Islamic marriage advice and family advice

Pregnant girlfriend wants abortion!

Pregnant Muslim woman (drawing)

She is pregnant by her boyfriend and wants abortion

Salaam me and my girlfriend are both 22 and have found out she is pregnant.

We both know we have committed a sin but she does not want to keep it. She has given me every excuse in the book and even to the point where she says that our relationship and her getting to know me is a mistake And she don't want to know me no more.

I have tried to persuade her not to have an abortion and told her that I won't be a part of an even bigger sin that we have committed yet I'm not allowing her to get it done as I'm doing Dia for ever waking moment of the day for her to agree into marrying me if not keeping the baby and trying to make it work!

I love this girl more than my soul can handle may Allah swt give me the strength but I am running out of things to say and show her.

It is the first time we have been in this situation and Allah has blessed us with a chlid though it may be illegitimate I want to make this work but I am running out of options  and the strength to hold her back from going for an abortion.

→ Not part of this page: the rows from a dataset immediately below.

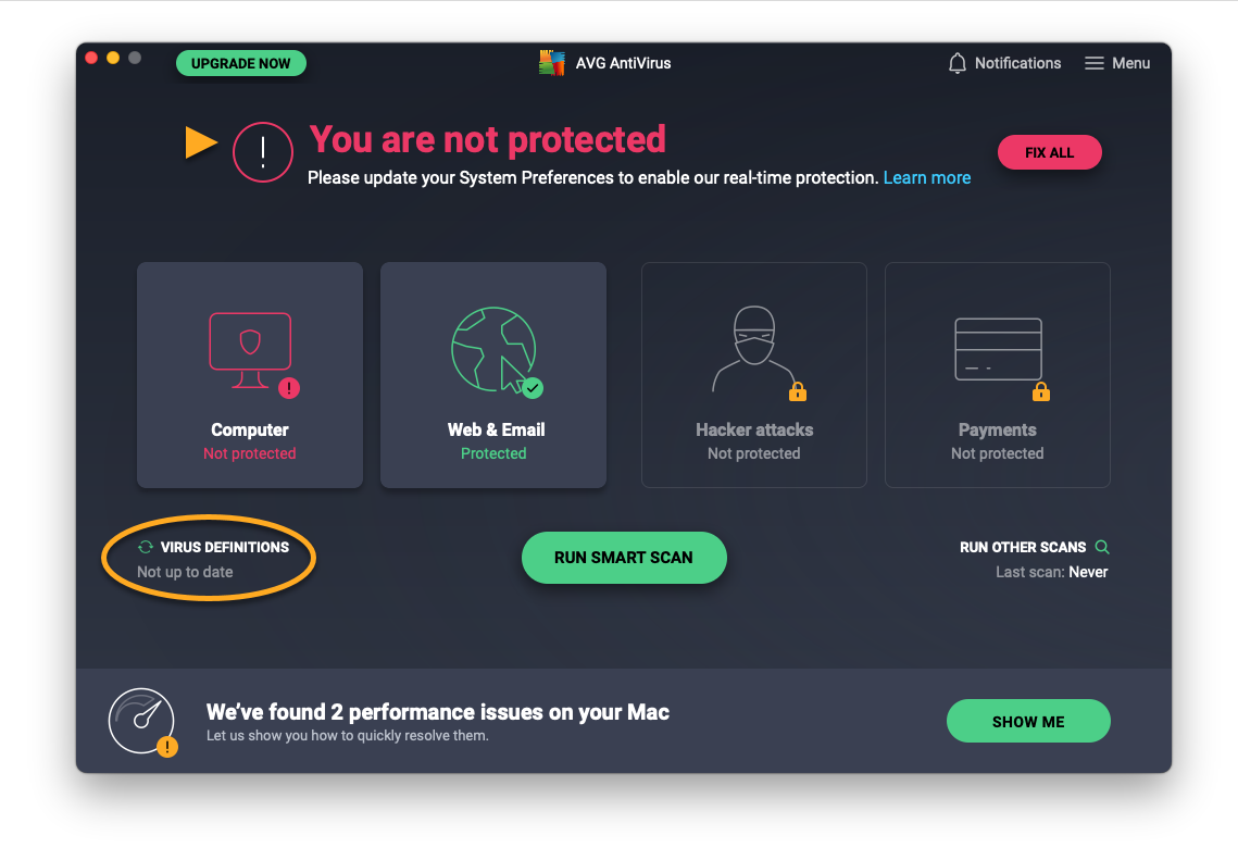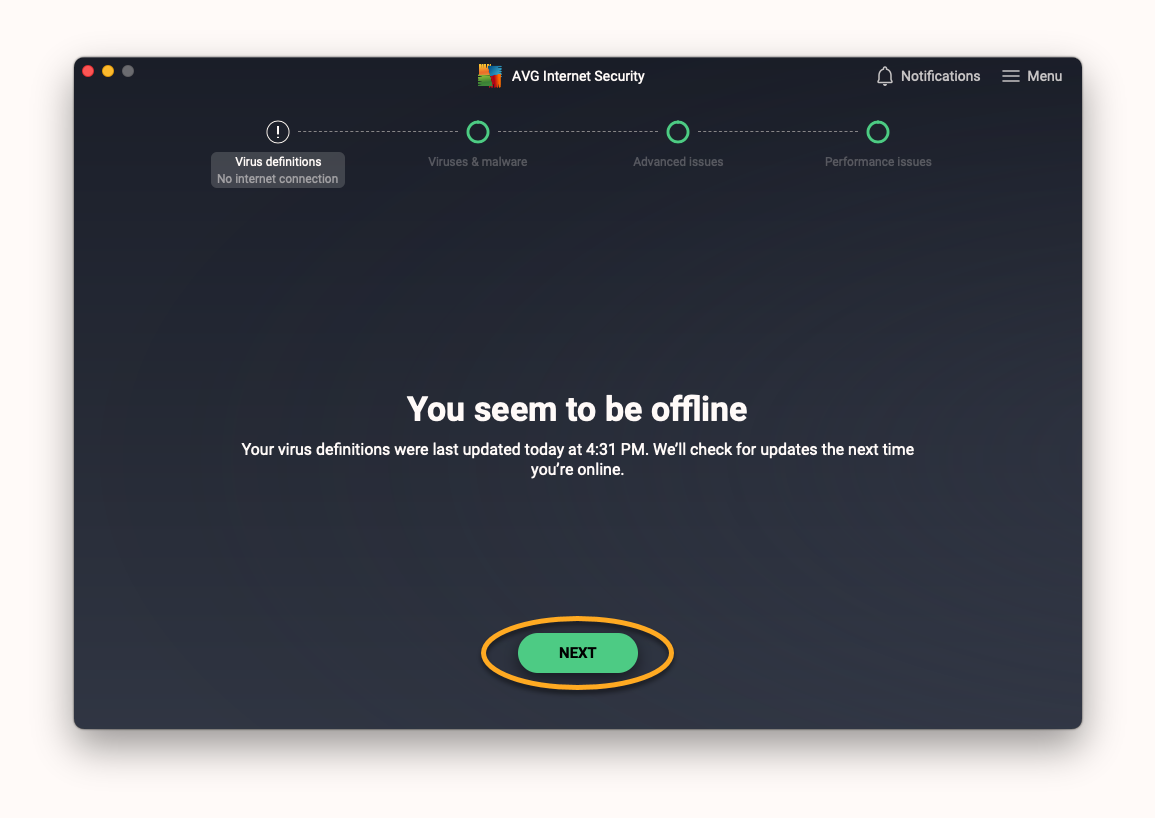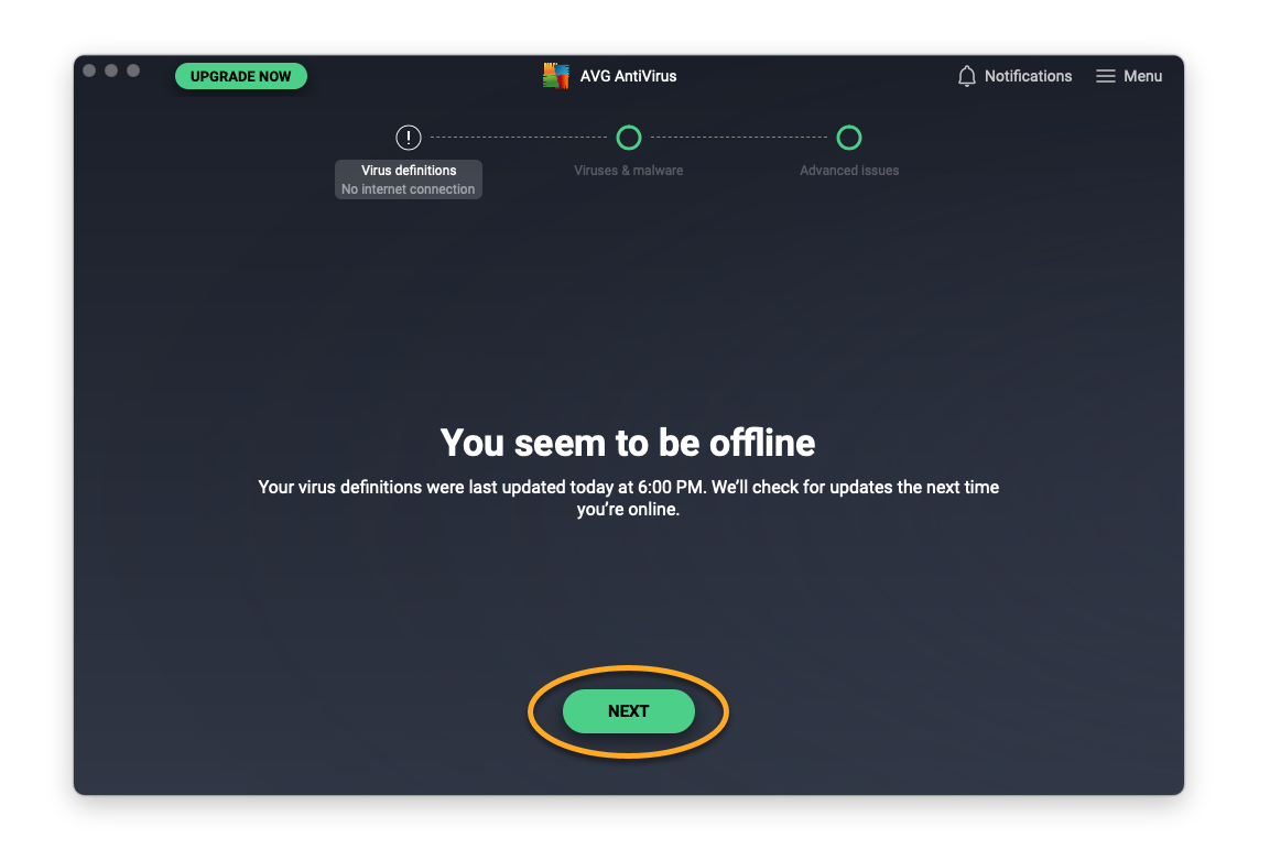 - You seem to be offline: AVG AntiVirus cannot update the virus definitions if you are not connected to the internet. Click Next to proceed with the Smart Scan. AVG AntiVirus will update your virus definitions the next time you connect to the internet.
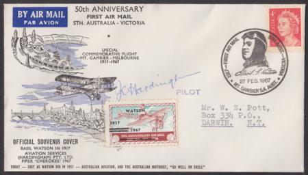 | 27 Feb 1967, 50th Anniv. of 1917 Mt Gambier-Melbourne air mail flight, (AAMC 1593), vignette on cover with special postmarker, backmarked Melbourne 27FE67, signed by pilot
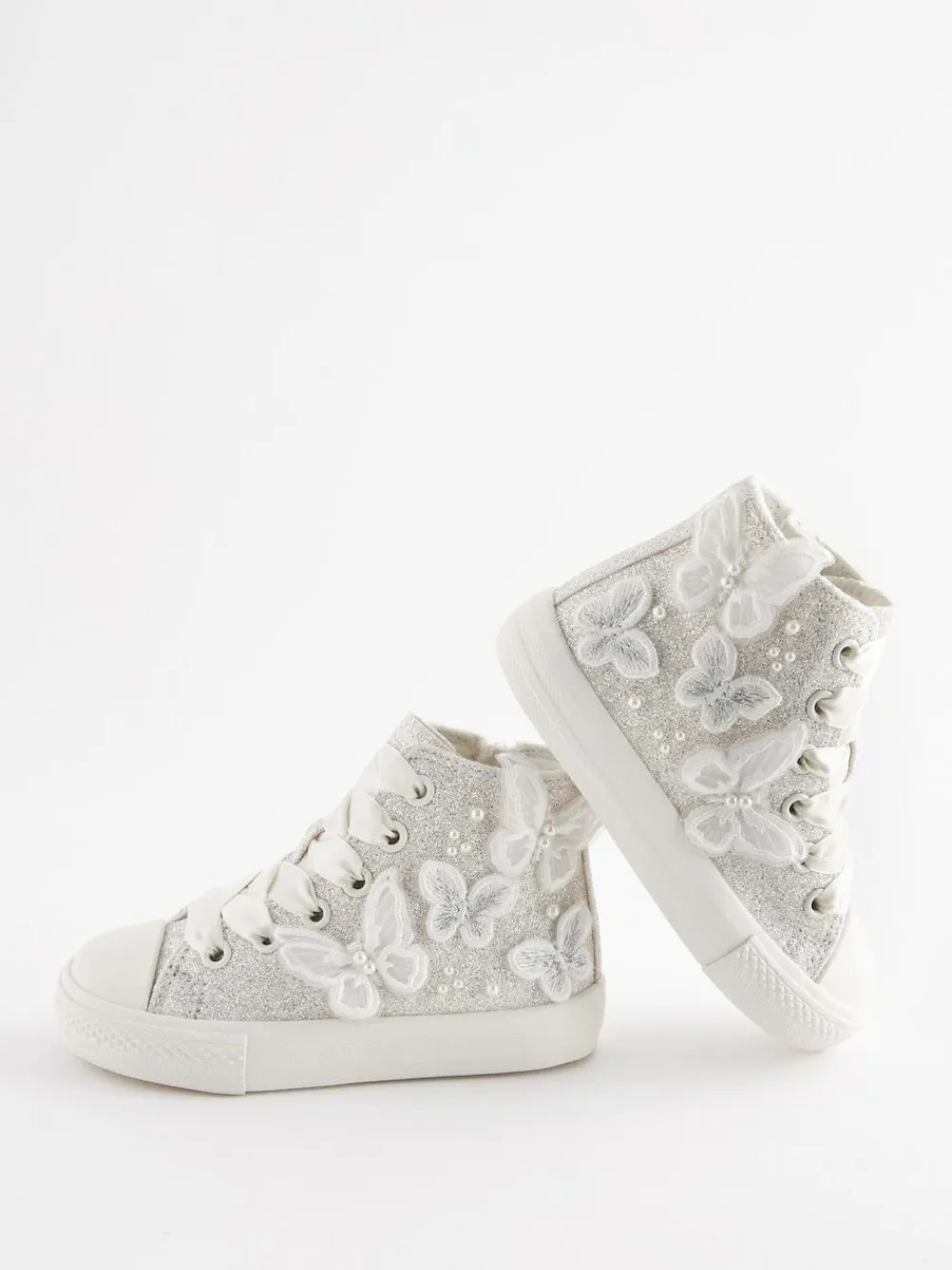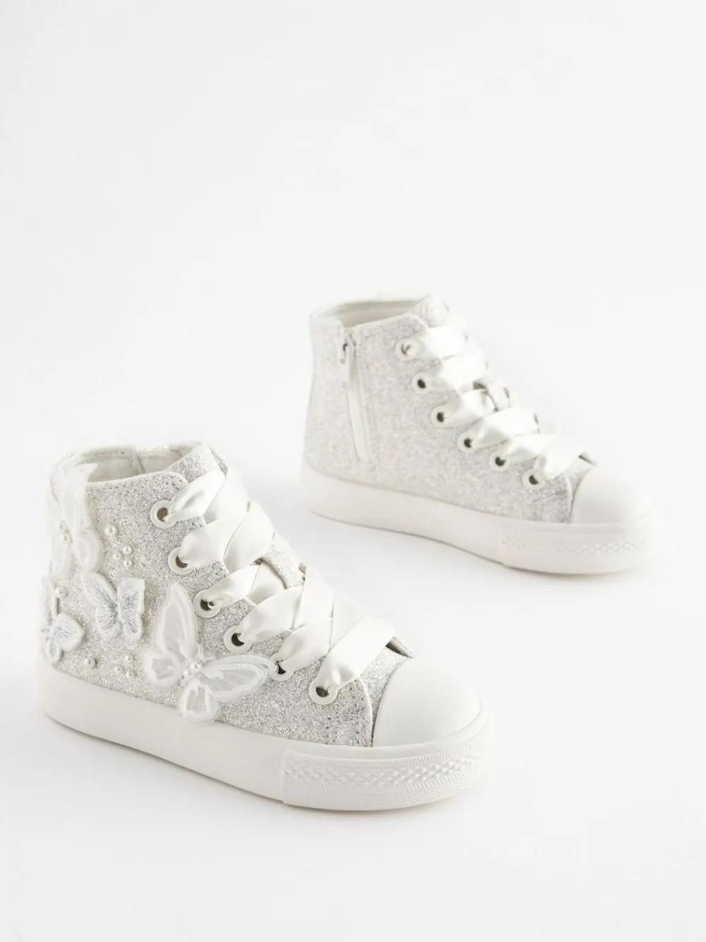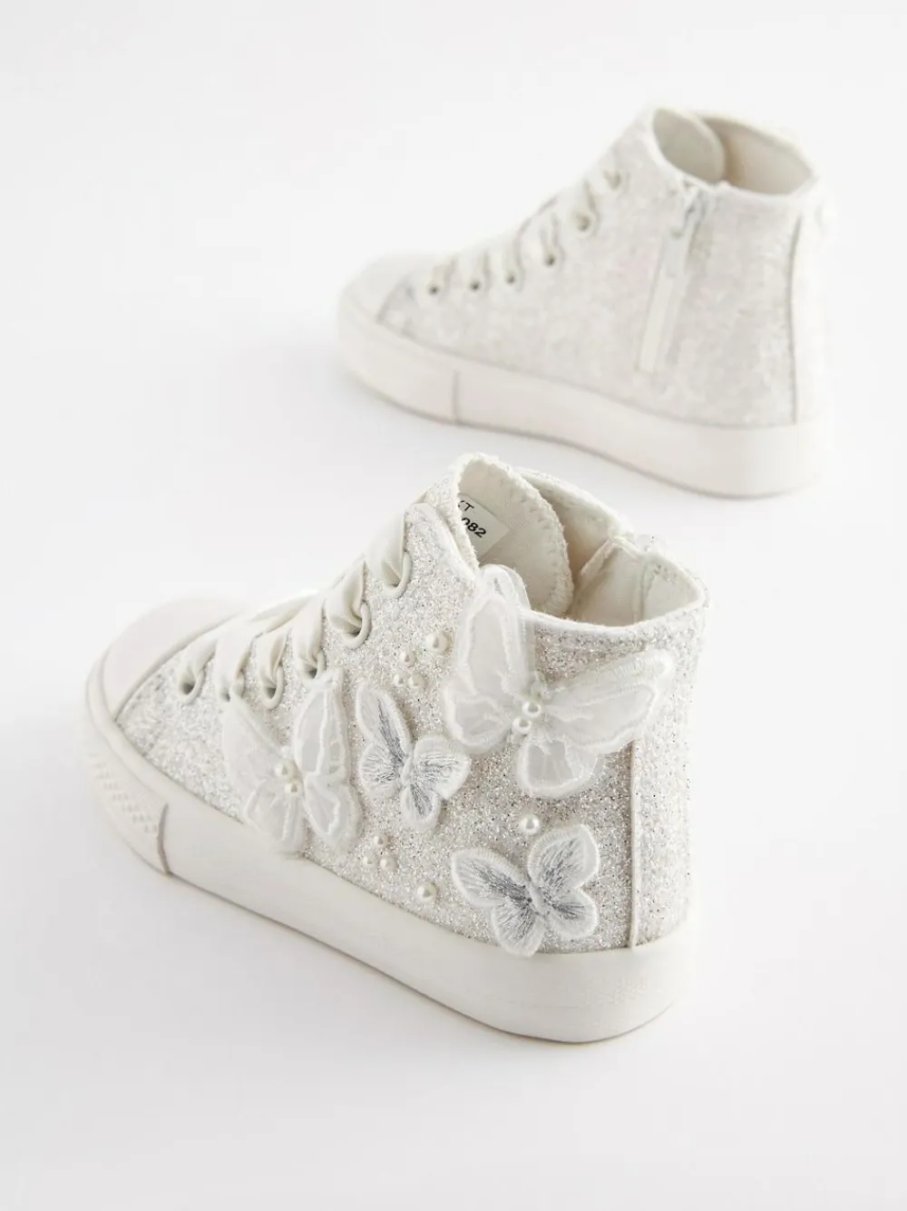 Add a touch of magic to her special occasion wardrobe with these dazzling high top trainers. Featuring enchanting butterfly details, they are perfect for parties or bridesmaids. They offer versatile styling with an alternative lace option and a handy inside zip for easy fitting. The slip-resistant durable sole ensures secure steps. Includes an alternative lace option Ideal for bridesmaids and parties Slip resistant durable sole Inside zip for easy fitting Upper – Textile, Lining & Sock – Textile, Sole – Other Materials.

I am begging everyone here to help me as my time is running out. I don't wish to tell my family yet until we have decided to keep the baby or she goes ahead with the abortion. For anyone wanting to know she is about 7-8weeks pregnant.

please I am begging every Muslim brother and sister to help me help in changing her decision as I'm not going to run away from this responsibility. I'm trying to be there for her and support her in every way.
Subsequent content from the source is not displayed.